__Problem requirements__. An exact transcription of the listing, without its images, is what the answer must contain.
━━━ Dataset section
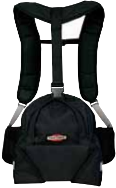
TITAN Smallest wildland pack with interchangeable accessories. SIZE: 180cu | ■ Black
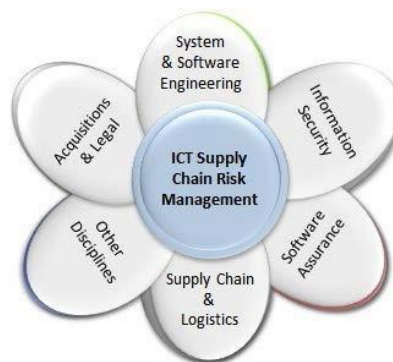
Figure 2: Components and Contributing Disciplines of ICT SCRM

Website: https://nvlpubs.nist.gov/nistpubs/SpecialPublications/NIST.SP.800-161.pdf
━━━━━━
__Output of the task__.
TITAN Smallest wildland pack with interchangeable accessories. SIZE: 180cu | ■ Black
Figure 2: Components and Contributing Disciplines of ICT SCRM

Website: https://nvlpubs.nist.gov/nistpubs/SpecialPublications/NIST.SP.800-161.pdf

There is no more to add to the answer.